Pero cuando las palabras llegaron a sus labios, lo reconsideró, pensando que si decía eso, ¿no quedaría él también implicado con Mu Jinyu?

Así que cambió apresuradamente sus palabras, ¡con el único objetivo de que Jiang Changge se encargara de Mu Jinyu!

Después de hablar, miró con veneno a Mu Jinyu, el culpable de que perdiera la cara esa noche y de que lo implicaran en una paliza, y gritó:
—Niño bonito, de verdad que tienes agallas, atreviéndote a provocar al Joven Maestro Jiang, incluso atreviéndote a pegarle.

Te diré una cosa, ¡ya estás despedido de nuestra empresa, estás buscando la muerte por tu cuenta, no nos arrastres contigo!

Aunque en realidad Wen Yan no tenía poder para despedir a nadie, sentía que con el gran problema que Mu Jinyu había causado, ¡Wen Rou seguramente patearía a este niño bonito a la calle en cuanto se enterara!

El Gerente Chen y algunos colegas también se apresuraron a decir: —Así es, de verdad que quieres morir, atreviéndote a golpear al Joven Maestro Jiang.

Tu desastre está a punto de llegar.

¡Por consideración a nuestro pasado como colegas, te aconsejo que te arrodilles ante el Joven Maestro Jiang y le hagas una reverencia, quizás golpeándote a ti mismo mil veces, y entonces, tal vez, no implicarás a tu familia!

—Ustedes… —Lin Qiaoxia, que estaba protegida detrás de Mu Jinyu, apretó los labios y pareció querer decir algo.

Wen Yan vio que Lin Qiaoxia abría la boca y rápidamente gritó: —¿Y tú qué?

Será mejor que salgas de ahí rápido, ¿tú también quieres morir con él?
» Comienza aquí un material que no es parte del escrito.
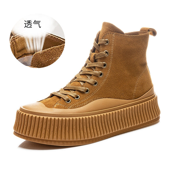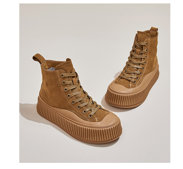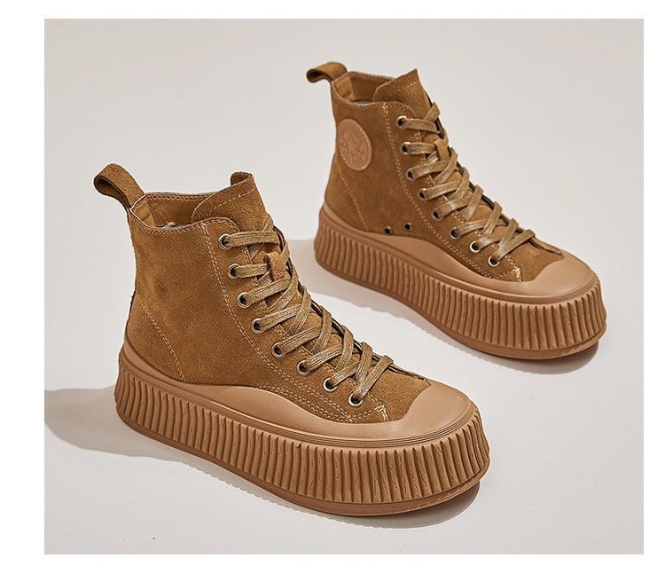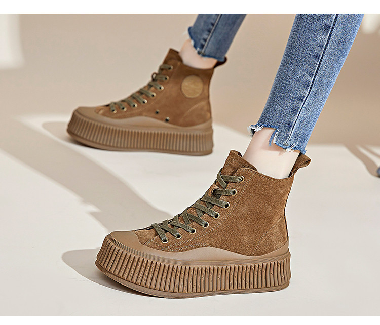 - ["Made of PU leather, durable and breathable","Thick-soled design, anti-skid and comfortable","Fashionable round toe and flat heel","Suitable for autumn and winter","Easy to wear with front lacing"]
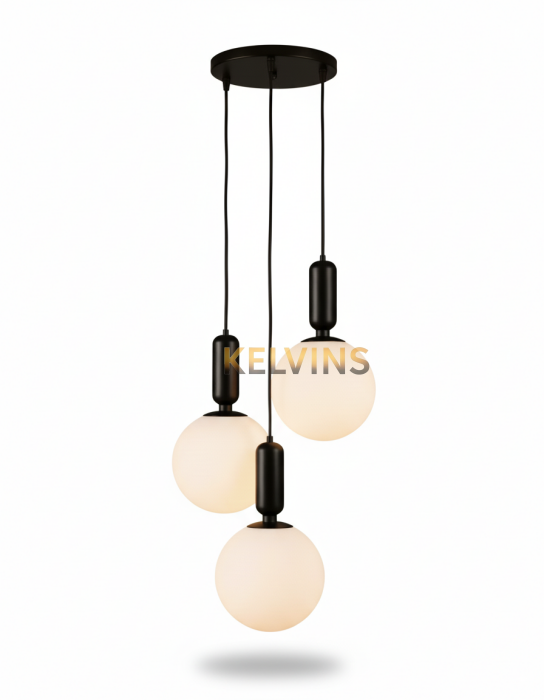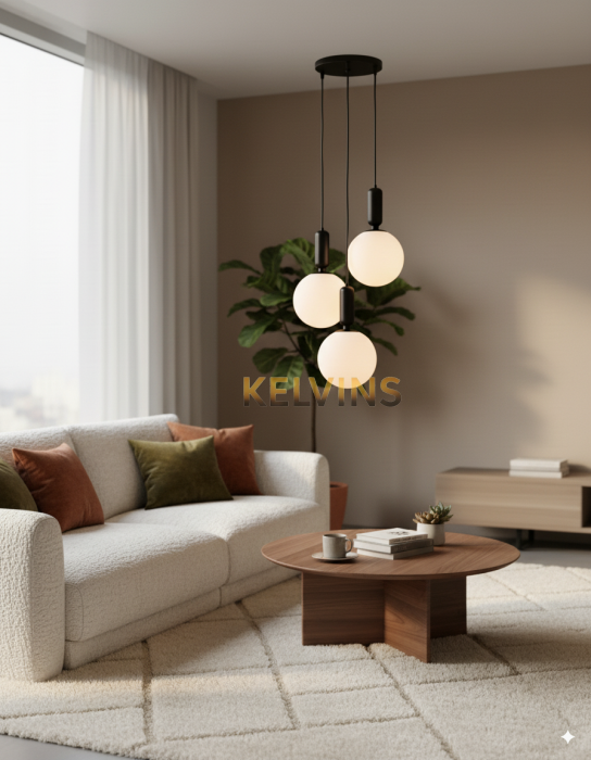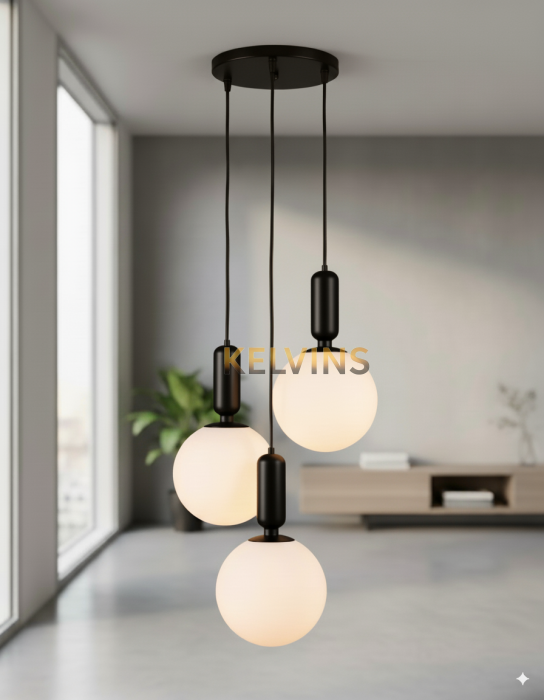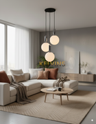 Suspension élégante à trois boules en verre opale, idéale pour salon, salle à manger ou entrée. Design moderne, lumière douce et chaleureuse, parfaite pour créer une ambiance raffinée.

Después de hablar, al ver que Lin Qiaoxia no se movía, Wen Yan eligió inmediatamente sacrificar parte de sus intereses y dijo: —Cierto, ¿no eres una mujer bonita?

Si quieres proteger a ese niño bonito, ¡ofrécete al Joven Maestro Jiang, y quizás él lo perdone!

Jiang Changge había oído que Mu Jinyu, quien le había golpeado varias veces seguidas, era en realidad un niño bonito mantenido.

Tembló de rabia.

¡Él era el matón sin rival de Ciudad Río, y ser humillado por este tipo de persona era una deshonra inconmensurable!

¡Lo que más importaba era que el niño bonito incluso se atrevía a competir por otra mujer a espaldas de su patrocinadora adinerada!

¡Realmente tenía agallas!

Sin embargo, al oír las últimas palabras de Wen Yan, Jiang Changge no pudo evitar echarle unas cuantas miradas a Lin Qiaoxia, que estaba protegida por Mu Jinyu.

Cuando vio el delicado rostro de Lin Qiaoxia, de piel tan tersa que parecía que podría brotar agua de él, aquellos seductores labios rojos, su nariz fina y recta, aquellos ojos de flor de melocotón ligeramente desconcertados y su aire lastimero que a la vez inspiraba ternura…
Jiang Changge sintió inmediatamente que su corazón se agitaba.

Vaya, ¡la calidad de esta mujer no era inferior a la de anoche!

De repente, Jiang Changge sintió celos de Mu Jinyu.

¡Parecía que este tipo tenía bastante suerte con las mujeres!

Al ver que Mu Jinyu se quedaba en silencio, Jiang Changge pensó que, tras ser persuadido por sus compañeros, se había dado cuenta de su eminente estatus y estaba demasiado asustado para hablar.

Aprovechando la oportunidad, Jiang Changge se burló y dijo: —Así es, ¡entrégamela mujer que está detrás de ti y solo me encargaré de ti, sin tocar a toda tu familia!